Looking to get the coronavirus vaccine? Here’s where you can get it now
The vaccine era of COVID-19 is finally here, as we’re already a couple of months into the process of people getting the long-awaited and oddly quickly produced coronavirus vaccines.
There are now three different vaccines being administered in the U.S., all of which prove to be effective in minimizing symptoms pertaining to the novel coronavirus, including hospitalizations and even death. While there are certain tiers of criteria one must meet in order to get their coronavirus vaccine, it’s clear that, should you want to get the vaccine and you should, that we’re all destined to be vaccinated hopefully by July.
That being said, the registration process for getting a vaccine has proven to be difficult for many, especially those in the elderly category. These are unprecedented times, and while many health authorities are still figuring out the vaccination timeline & process for themselves, we want to be able to help you learn how you can get your coronavirus vaccine. But first, a brief update on where we stand today as it pertains to the vaccine.
Current coronavirus vaccines
Currently, there are three vaccines that are being utilized in the U.S., combating the spread of the coronavirus in hopes of putting a stop to the current global pandemic. The first vaccine, by Pfizer-BioNTech, was first administered in the U.S. in early December 2020. The second vaccine to fight COVID-19 was developed by Moderna, which was also first given to those defined as “high exposure risks” around Christmas time.

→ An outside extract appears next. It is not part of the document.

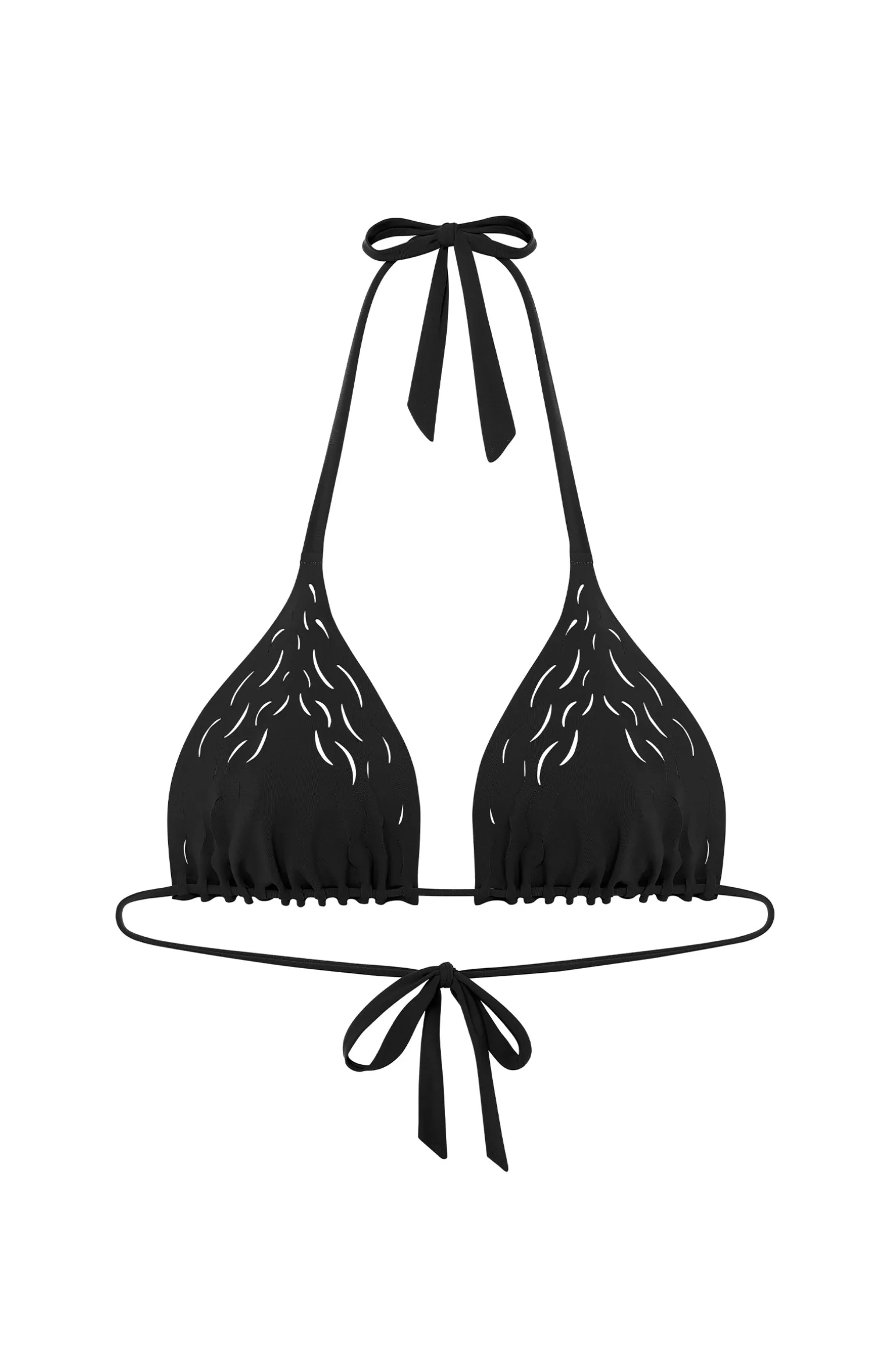 Avec son lien coulissant sous poitrine, le maillot de bain triangle WOOD s’ajuste à toutes les silhouettes. Dans un esprit couture, moderne et créatif, ce haut affiche des découpes laser créatives, rappelant avec douceur les ondes marines. Le noir, couleur intemporelle et toujours élégante.

Both of these coronavirus vaccines are estimated to fight the coronavirus with an effectiveness rate of over 92%. However, both vaccines currently require two separate doses, with each needing several weeks in between to build the proper antibodies for protection against the disease.

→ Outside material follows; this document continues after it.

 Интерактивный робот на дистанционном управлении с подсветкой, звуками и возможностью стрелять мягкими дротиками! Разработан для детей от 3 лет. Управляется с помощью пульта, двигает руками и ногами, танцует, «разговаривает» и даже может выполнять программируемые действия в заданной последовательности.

While scientists & medical experts are still waiting on more data, early determination suggests that both of these current vaccines can protect people against the concerning new variants from the UK & South Africa. Pfizer, however, did come out with a report on Thursday suggesting that development for a third “booster” shot is already underway, made to specifically target the new variants and their spike proteins.
Johnson & Johnson vaccine
Last week, the world was given the joyous news that the FDA was currently reviewing a third coronavirus vaccine, this time developed by Johnson & Johnson. This vaccine, while not as efficient as Pfizer & Moderna, is said to have an effectiveness rate of over 85%, and only requires a single shot, which is huge in terms of rallying our way towards herd immunity.
Now that the CDC has authorized emergency use for the Johnson & Johnson coronavirus vaccine, numbers of vaccinated people should soon skyrocket thanks to its single-dose requirement. Hopefully, this means that the number of positive COVID-19 cases will fall at a rapid rate.
Where can you get the vaccine?
Most states currently offer drive-thru vaccination sites should you meet the current vaccination criteria, which for the moment concerns of age, exposure risk, and underlying health issues. Examples of these large vaccination sites include local zoos, arenas, stadiums, malls, and even theme parks.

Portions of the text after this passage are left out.